On the Origin of Primitive Cells: From Nutrient Intake to Elongation of Encapsulated Nucleotides

A primitive cell remodeled: Bilayer membrane vesicles (see picture) provide a multifaceted microenvironment in which protometabolic reactions could have been triggered. This Review summarizes experiments carried out to form vesicles by the aggregation of amphiphiles. The addition of nucleotides to the extravesicular medium results in them being taken up and their participation in non-enzymatic elongation of the DNA primer within the vesicular interior.

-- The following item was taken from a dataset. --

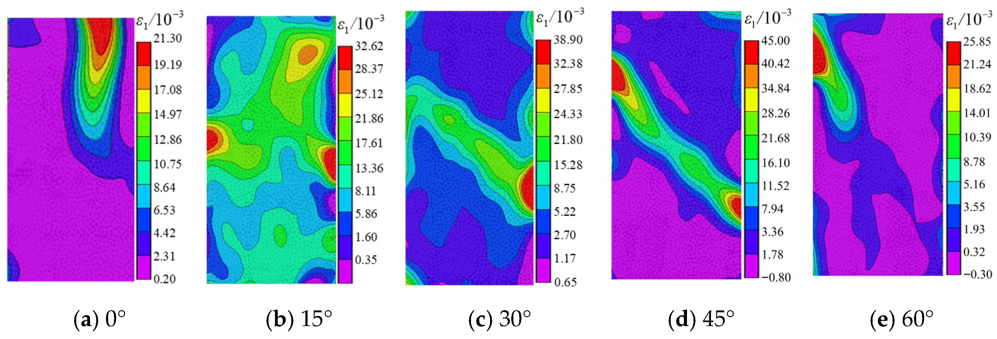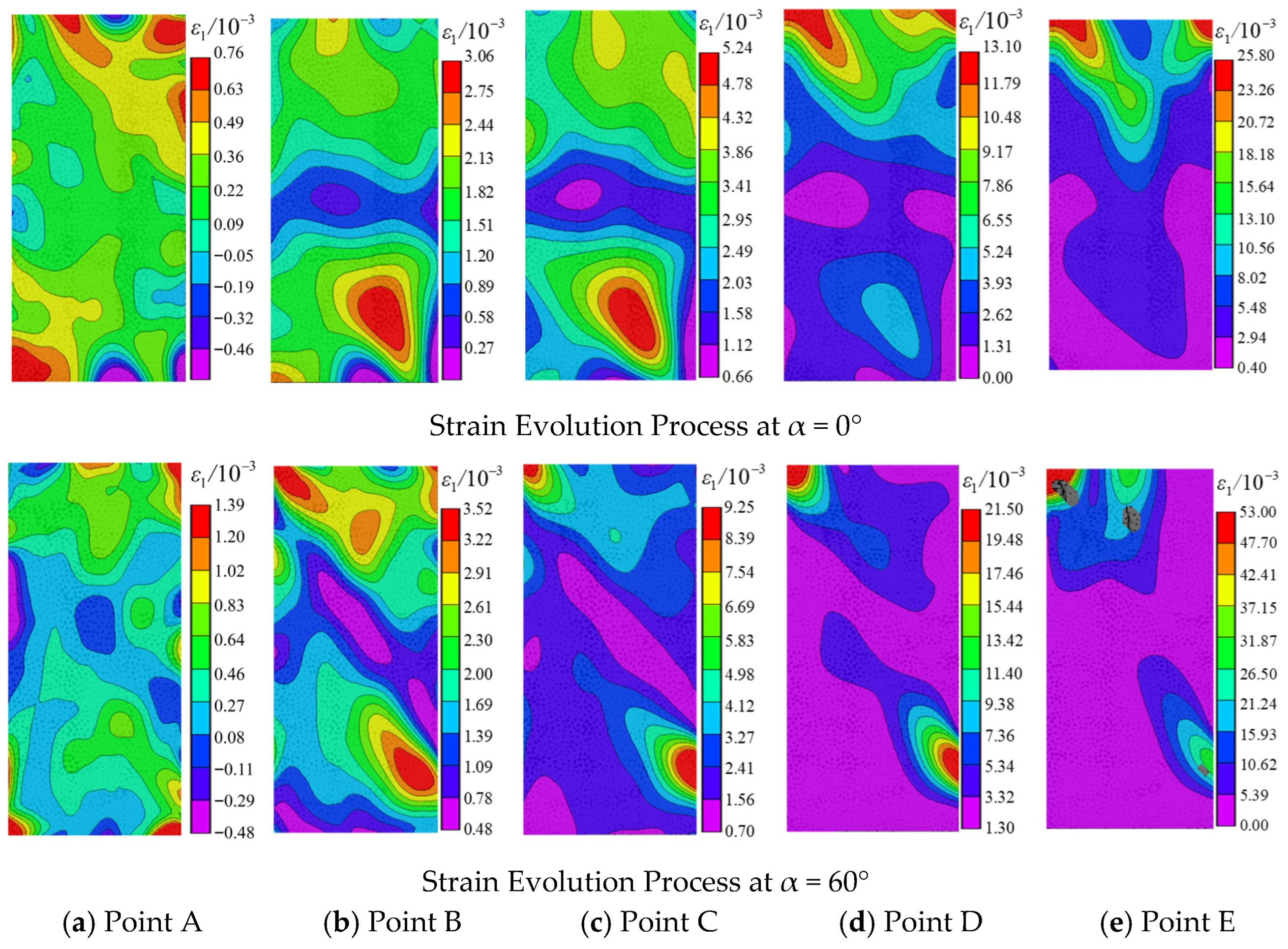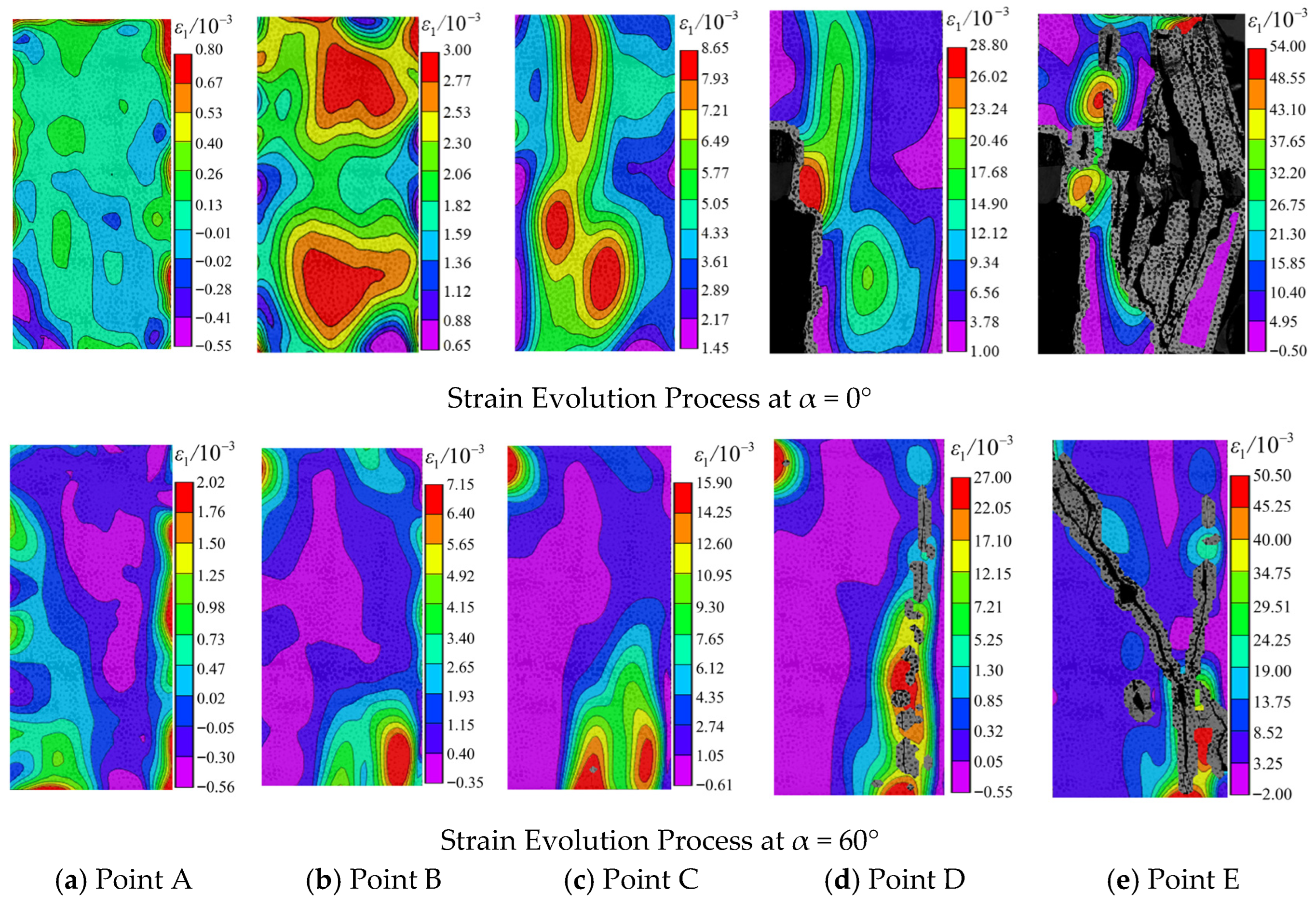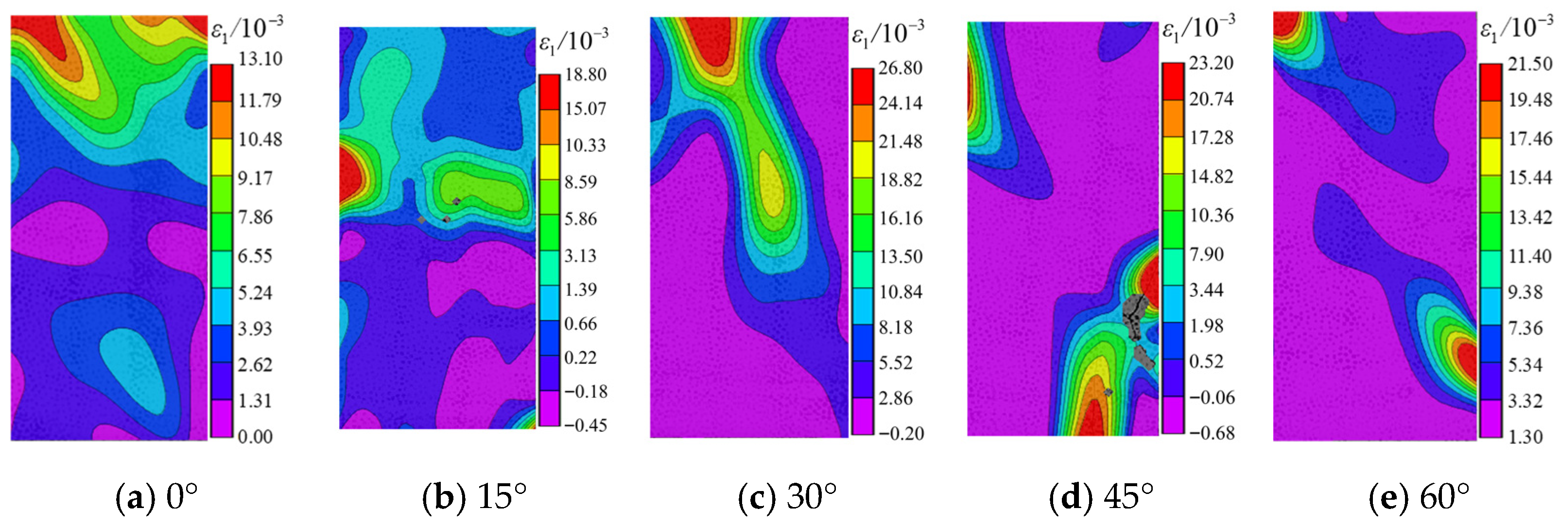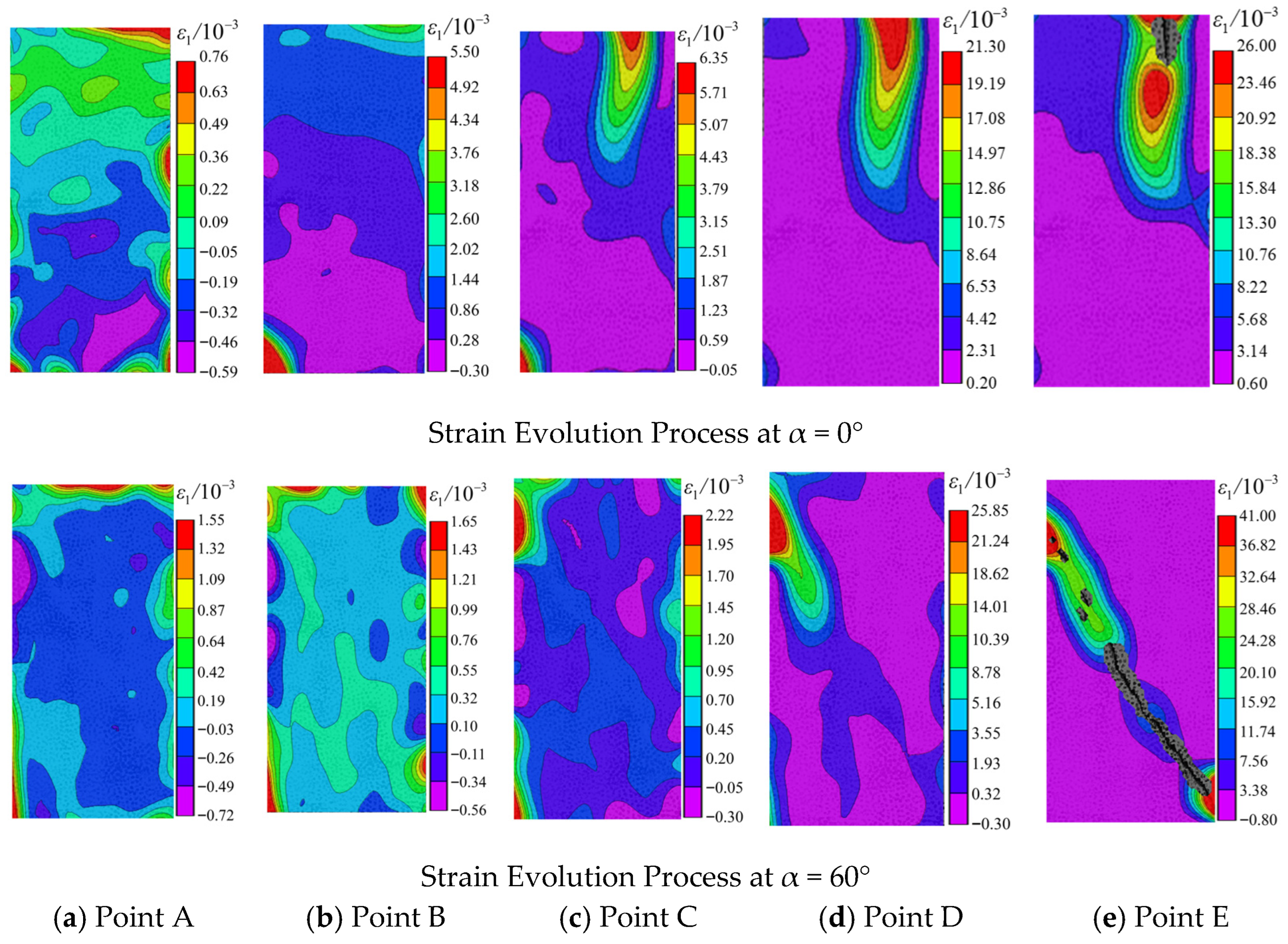 - Strain Evolution Process: For 0° and 60° fractures, crack initiation occurred mainly before peak stress, while rapid propagation and coalescence developed post-peak. The maximum principal strain first increased and then decreased with rising inclination, with grout–mudstone specimens consistently showing the lowest values.

Recent major discoveries in membrane biophysics hold the key to a modern understanding of the origin of life on Earth. Membrane bilayer vesicles have been shown to provide a multifaceted microenvironment in which protometabolic reactions could have developed. Cell-membrane-like aggregates of amphiphilic molecules capable of retaining encapsulated oligonucleotides have been successfully created in the laboratory. Sophisticated laboratory studies on the origin of life now show that elongation of the DNA primer takes place inside fatty acid vesicles when activated nucleotide nutrients are added to the external medium. These studies demonstrate that cell-like vesicles can be sufficiently permeable to allow for the intake of charged molecules such as activated nucleotides, which can then take part in copying templates in the protocell interior. In this Review we summarize recent experiments in this area and describe a possible scenario for the origin of primitive cells, with an emphasis on the elongation of encapsulated nucleotides.